Information shown:
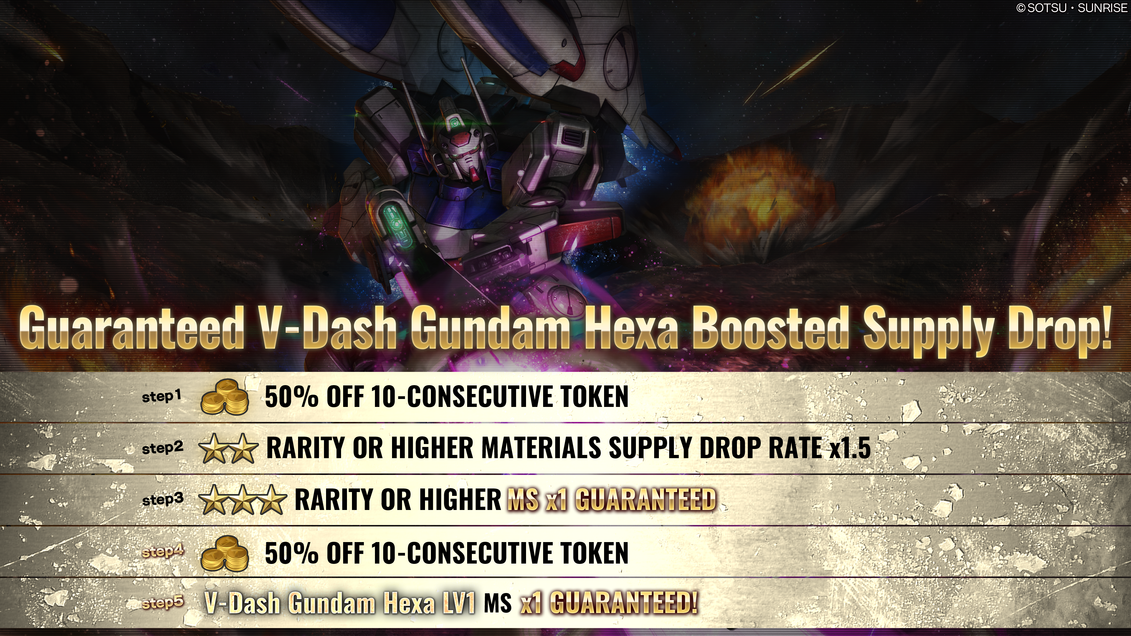 Starting from [PST] 02/04/2026 / [CET] 02/05/2026, V-Dash Gundam Hexa LV1 guaranteed STEP UP Supply Drop will begin.
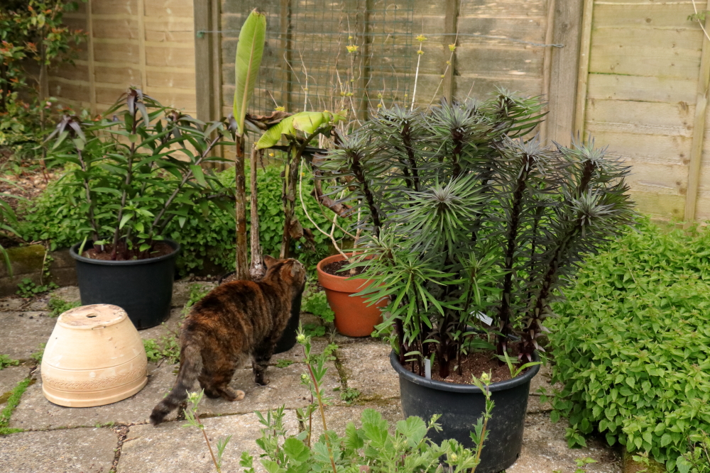 They are months away from flowering but I brought the main pot out of the tunnel before it got too tall, wanting to get good strong stems. The foliage is beautiful, it would be worth growing even if it didn’t have flowers, but it does, and they’re stunning too.
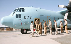 日本航空自衛(wèi)隊的C130運輸機機組成員完成在伊拉克的最后一次運輸任務。攝于12日。(共同社)

Exercise aim:
Everything in the listing is to be returned word for word, except the pictures.

Answer to this exercise:
 Starting from [PST] 02/04/2026 / [CET] 02/05/2026, V-Dash Gundam Hexa LV1 guaranteed STEP UP Supply Drop will begin.
 They are months away from flowering but I brought the main pot out of the tunnel before it got too tall, wanting to get good strong stems. The foliage is beautiful, it would be worth growing even if it didn’t have flowers, but it does, and they’re stunning too.
 日本航空自衛(wèi)隊的C130運輸機機組成員完成在伊拉克的最后一次運輸任務。攝于12日。(共同社)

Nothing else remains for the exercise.